I get the feeling you're just one of the stupid people, given the abundance of evidence shown here.


Well, if I didn't make good scores on everything else, then you might would have a point. Given that I tend to make honor roll in advanced courses. just perform poorly on standardized tests, then you are wrong.

catwho wrote:
By the time you're taking the GRE, you are supposed to have received at least an undergraduate education from an accredited 4 year institution, and have a college educated level of vocabulary, math and reasoning skills, and reading and writing skills. These days, if a kid goes through K-12 and the SAT and four years of college and still doesn't know how to take a standardized test, then we're really failing in our education since the teachers these days all complain about teaching test taking instead of real stuff.
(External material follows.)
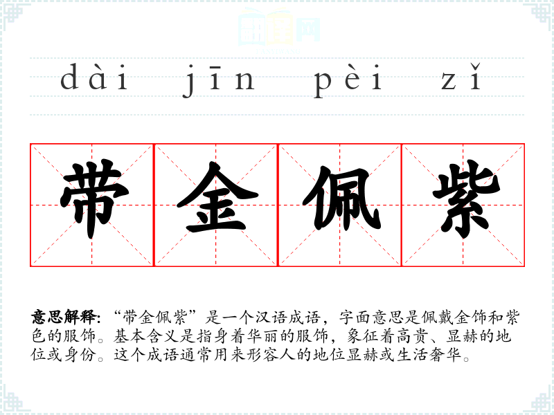 “带金佩紫”是一个汉语成语,字面意思是佩戴金饰和紫色的服饰。基本含义是指身着华丽的服饰,象征着高贵、显赫的地位或身份。这个成语通常用来形容人的地位显赫或生活奢华。

Each test only tests you on how well you can take that particular test. The funny thing about standardized tests is that they are NOT part of the learning process. Your comment would only make sense if our unit exams and quizzes were "standardized tests". Given the fact that in a 16 year period of education, you MIGHT take 4 standardized tests, your comment is inaccurate.

lolgaxe wrote:
There's nothing worse for me to hear from someone in the military than "I'm a poor test taker." That implies they're prone to panic and stress, and that isn't someone I want anywhere near me in a firefight.


Orrrrrrrr.... like I said, I just over analyze the problem. Still not a trait that you would want during a fire fight, but it isn't panic and stress.

Besides, I didn't say that I was a bad test taker, I said I was bad at standardized tests. There's a huge difference.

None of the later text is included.